# Policy Optimization

This is an automatically translated post by LLM. The original post is in Chinese. If you find any translation errors, please leave a comment to help me improve the translation. Thanks!

This article mainly reviews and summarizes reinforcement learning algorithms based on policy optimization theorems and related variants.

## Preliminaries

A Markov decision process (MDP) can be defined by a five-tuple \(<\mathcal{S},\mathcal{A},\mathcal{R},\mathcal{T},\gamma,\rho_0>\), where:

- \(\mathcal{S}\) represents the state space, a set of states
- \(\mathcal{A}\) represents the action space, a set of actions
- \(\mathcal{R}:\mathcal{S}\times\mathcal{A}\rightarrow \mathbb{R}\) represents the reward function, \(\mathcal{R} (s,a)\) is the reward obtained by taking action \(a\) in state \(s\)
- \(\mathcal{T}: \mathcal{S}\times\mathcal{A}\times\mathcal{S}\rightarrow[0,1]\) represents the state transition probability function, \(\mathcal{T}(s'|s,a)\) is the probability of transitioning from state \(s\) to state \(s'\) by taking action \(a\)
- \(\gamma\) represents the discount factor
- \(\rho_0:\mathcal{S}\rightarrow[0,1]\) represents the initial state distribution

The decision process of an agent is represented by a stochastic policy \(\pi:\mathcal{S}\times\mathcal{A}\rightarrow[0,1]\), where \(\pi(a|s)\) is the probability of the agent choosing action \(a\) in state \(s\). Based on policy \(\pi\), the state value function can be defined as: \[ V_\pi(s)=\mathbb{E}\left[\sum_{t=0}^\infty \gamma^t\mathcal{R}(s_t,a_t)|\pi,s\right] \] The state-action value function is: \[ Q_\pi(s,a) = \mathcal{R}(s,a)+\gamma\mathbb{E}_{s'\sim\mathcal{T}(\cdot|s,a)}[V_\pi(s')] \]

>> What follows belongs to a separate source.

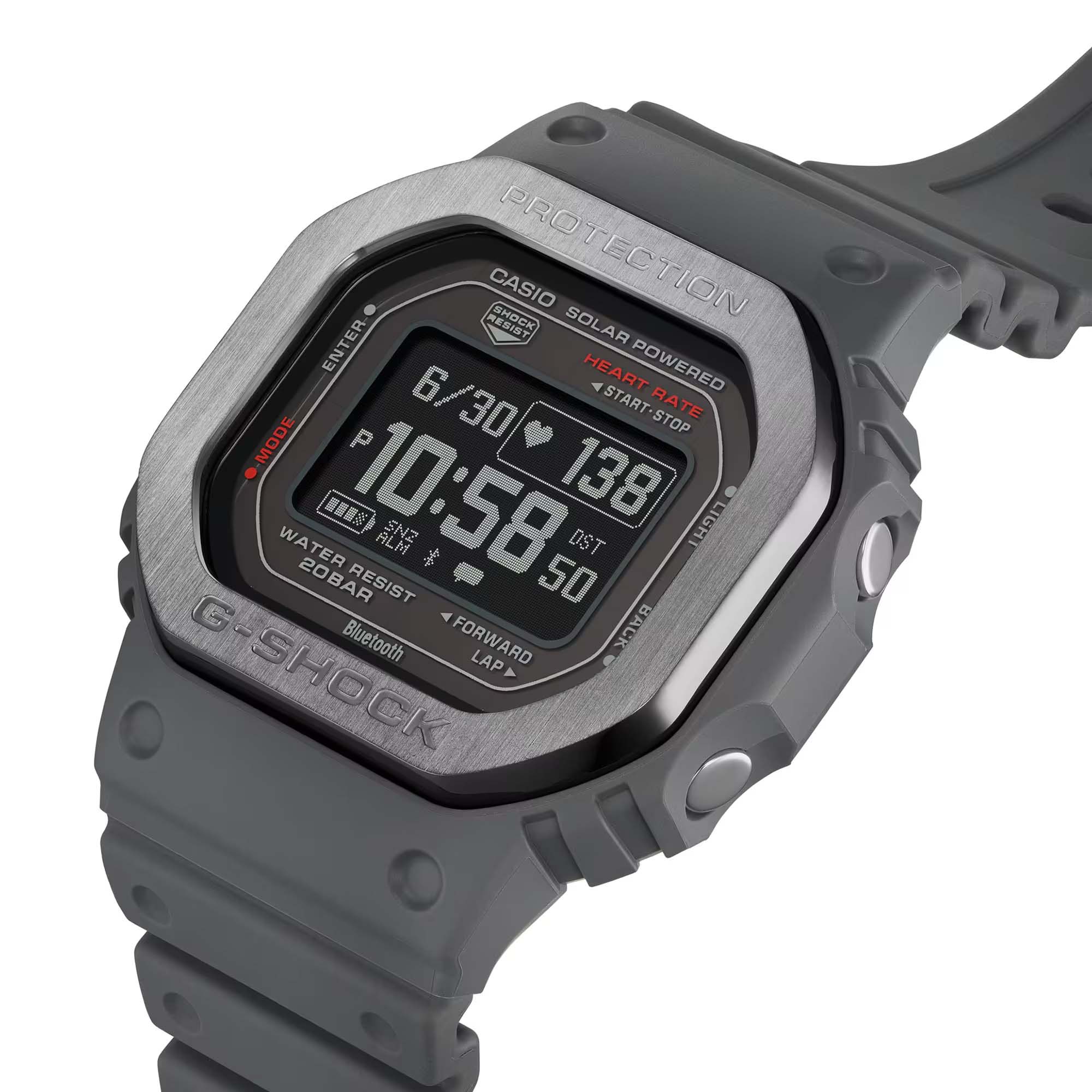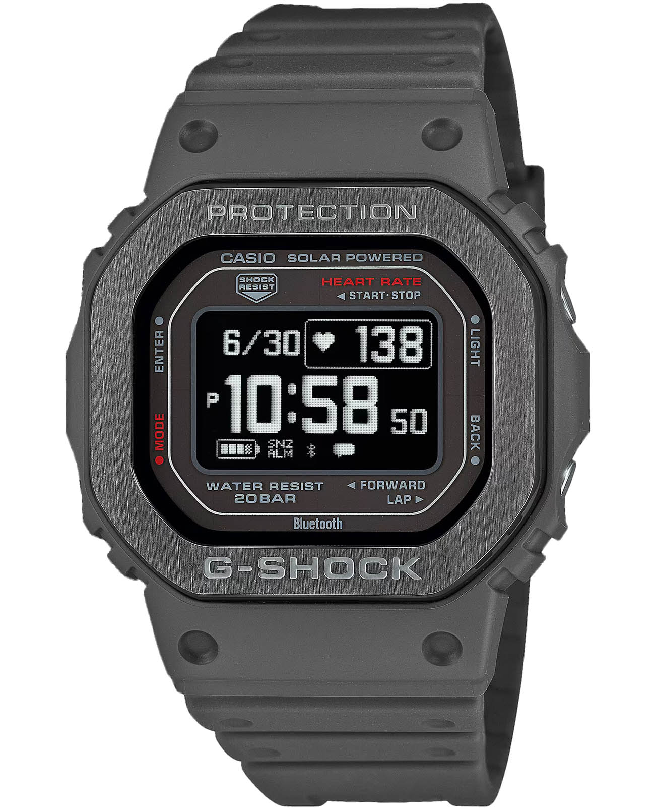 Спортивные японские мужские часы с секундомеромСекундомерСекундоме́р — прибор, способный измерять интервалы времени с точностью до долей секунды. и хронографомХронографФункция позволяет измерять отрезки времени с особой точностью: часы, минуты, секунды. Верным признаком хронографа является наличие на циферблате 3 дополнительных окошек-счётчиков. Casio G-Shock DW-H5600MB-8DR (DW-H5600MB-8), кварцевый механизм с высокой точностью. Корпус изготовлен из пластика и стали с IP-покрытиемIP-покрытиеМетод ионного напыления. Демонстрирует повышенную устойчивость к истиранию, окислению и химическим веществам. Под воздействием высокого давления и температуры около 1500°C молекулы металла надёжно соединяются с частицами корпуса часов.. Tough Solar - солнечные батарейки большой мощности, индикатор заряда батареи. Функция автоматического сохранения энергии. Время работы аккумулятора без подзарядки: 35ч, 1 месяц (без использования пульсометра), при включенной функции сохранения энергии до 11 месяцев. Возможность зарядки через специальный кабель с разъемом USB типа A. Ударопрочный корпусУдаропрочный корпусМеханизм заключён в корпус, выполненный из современных материалов, устойчивых к ударам, механическим повреждениям и падению с высоты: инновационный пластик, карбон, нержавеющая сталь, титан. защищает механизм от ударов и вибрации. ТаймерТаймерОтсчитывает секунды в обратном направлении в заданном интервале времени. обратного отсчета от 1сек до 1ч. Мировое времяМировое время Полезное часовое усложнение, отображающее время в основных городах и известных областях по всему миру, оно связано с часовыми поясами, удобно для путешественников и бизнесменов. – 38 городов (38 часовых поясов), всемирное координированное время UTCUTCВсемирное кординационное время, не имеющее привязки к географическому положению Гринвича, основывается на атомном отсчёте времени. Регулировка времени осуществляется более точно, чем устаревшее GMT.

Advantage function: \[ A_\pi(s,a) = Q_\pi(s,a)-V_\pi(s) \] The agent's optimization goal is usually to maximize the discounted return on the initial state distribution, i.e.: \[ \eta(\pi) = \mathbb{E}_{s\sim\rho_0}[V_\pi(s)] \] The discounted visit frequency of a state is represented as: \[ \rho_\pi(s)=(P(s_0=s)+\gamma P(s_1=s)+\gamma^2 P(s_2=s)+...) \]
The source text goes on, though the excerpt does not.